I guess I am probably the Hairdresser’s worst nightmare because those scissors in my bathroom drawer are a little bit too handy when the mirror is not reflecting what I want it to. Several times, I have tried to “improve” that reflection by “trimming” just the crown portion of my hair so that it will do what I want it too…. I either don’t have the time to get an appointment to see the “Professional”…. or…. I am just wanting instant results and don’t want to wait.
Now… I can pretty much get away with it the first time…..It looks ok to the untrained eye and from a distance….. but… if I do it again before I have it done professionally…. that line between the top and the bottom gets to be pretty drastic and then when they try to “fix” it to my specifications….well…. it is almost next to impossible. I have to give them credit though…. they want to make me happy and we seem to find a “compromise”. They are now happy that I have not left crying and I am happy that they didn’t butcher me.
HOWEVER…. Neither one of us REALLY got the IDEAL outcome. Well…. Last week I went to someone new. I had to admit to him that I had taken the scissors to my hair and his reply was….”I was wondering what happened to the top of your head”….yep… it was pretty obvious!!! Not quite in the running for the Billy Cirus look a like photo shoot…. but close!
Now… the plan of attack…. He is going to see me in 4 week intervals… (I am assuming, before I have a chance to get the scissors out). Let the top grow out to fill in that spot that has been removed by said scissors and then slowly get me to what I am hopefully anticipating as the Ideal cut that I have been so desperately seeking for sometime now. He can “see” that outcome in his mind…. I can’t right now… but… I decided that I was going to trust him and go with it. Why? Was it his confident tone of how he told me? My desperation on getting “fixed” ? My age, in the fact that I am not as “picky” as I once was? I’m really not quite sure… maybe ……a combination of those and many others floating around in my head. I just did it!

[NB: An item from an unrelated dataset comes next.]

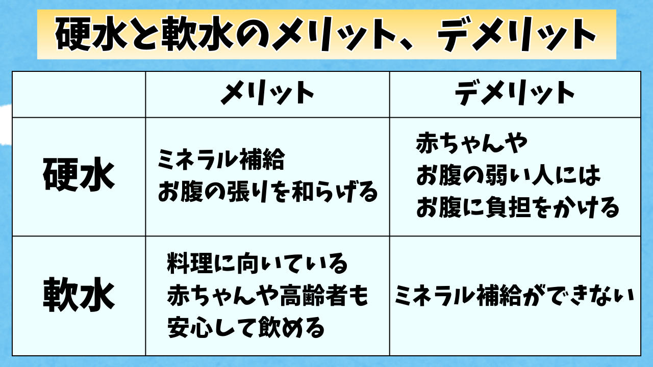 今日は硬水と軟水について違いやメリット・デメリットについて話をしてきたよ。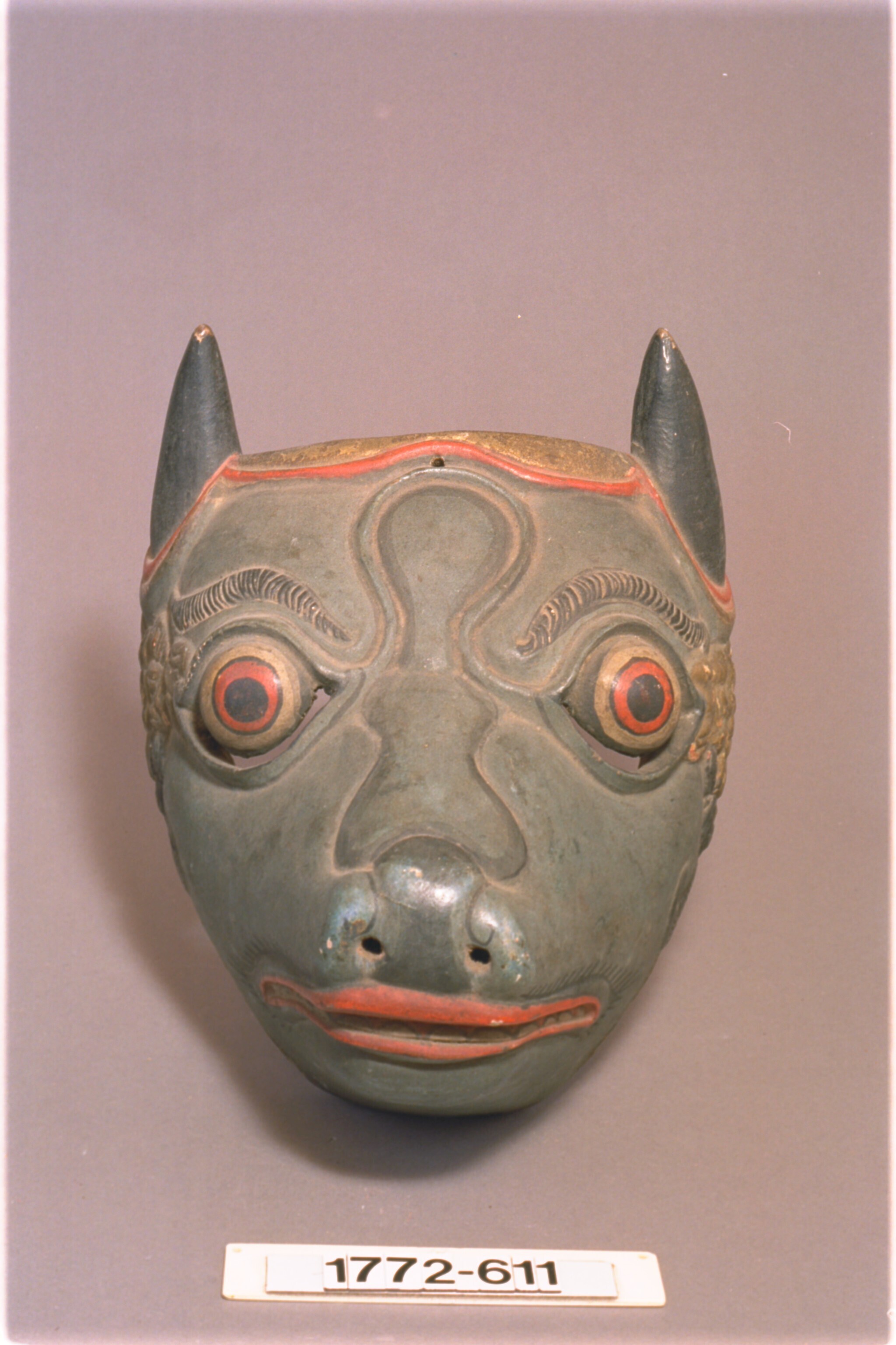 Houten masker in de vorm van dierenkop met horens

Granted…. he did have to go to the extreme on the length in order to make it all meld together…. but… since I know that he has a plan of attack and a final outcome that is supposed to be fantastic... well…..that seemed to be all that I needed to keep me from falling into that pit of despair that would have normally been my home for the next 3 months until my hair grew back.
God also has a plan of attack for my life! He knows what He has planned out for my life!
Jeremiah 29:11 in the Message Bible says it this way “ I know what I’m doing. I have it all planned out-plans to take care of you, not abandon you, plans to give you the future you hope for.”
Wow…. pretty plain and simple…He has it all planned out! Step by Step….. hour by hour…. day by day…. week by week…. month by month….. year….. by…… year. Yep… sometimes we have to wait year…. by ….. year to see that Ideal plan unfold…. ! I sometimes however, do not like to wait… So…. I get those scissors out of the drawer and start “trimming” on those problem spots in my life myself. Now, I can sometimes get away with it …..for awhile. Things seem to look as though they are ok and “fixed” to the untrained eye and …… from a distance…. but….If I continue to “trim” on those problems myself…. after awhile….well…like my hair…. the top and the bottom… the beginning and the end …. just doesn’t “meld” together. That middle part…. the part that I am living in … the here and now…. just …. exists…there is no flow…no..harmony…. it is just….”there”….
NOW… I take it to the Professional… NOW …. I surrender….. NOW …. I trust…. OH YES…. He has a mess to fix….I tell HIM that I have taken the scissors to my life… to “trim” off those problems…and HE says…. “Yes… I was wondering what had happened to that part of your life”…. and then…. He puts into motion HIS plan of attack…. HE sometimes has to really get drastic in HIS first line of defense…Whack off some of what I had been hanging on to for what ever reason…. It doesn’t seem to be ….and right now isn’t… the Ideal situation… but… HE has a plan! If I will just hang on to that HOPE …. and catch the “vision” My God has for me….That Plan…. That HE is going to take care of me…. that HE will NOT abandon me…. and that HE is giving me the future that I hope for!!!!
I am hoping for a glorious, prosperous, amazing, bright, wonderful future….!
And my GOD said HE will give that to me!
I am hooking up with HIS Plan of attack for my life!!!!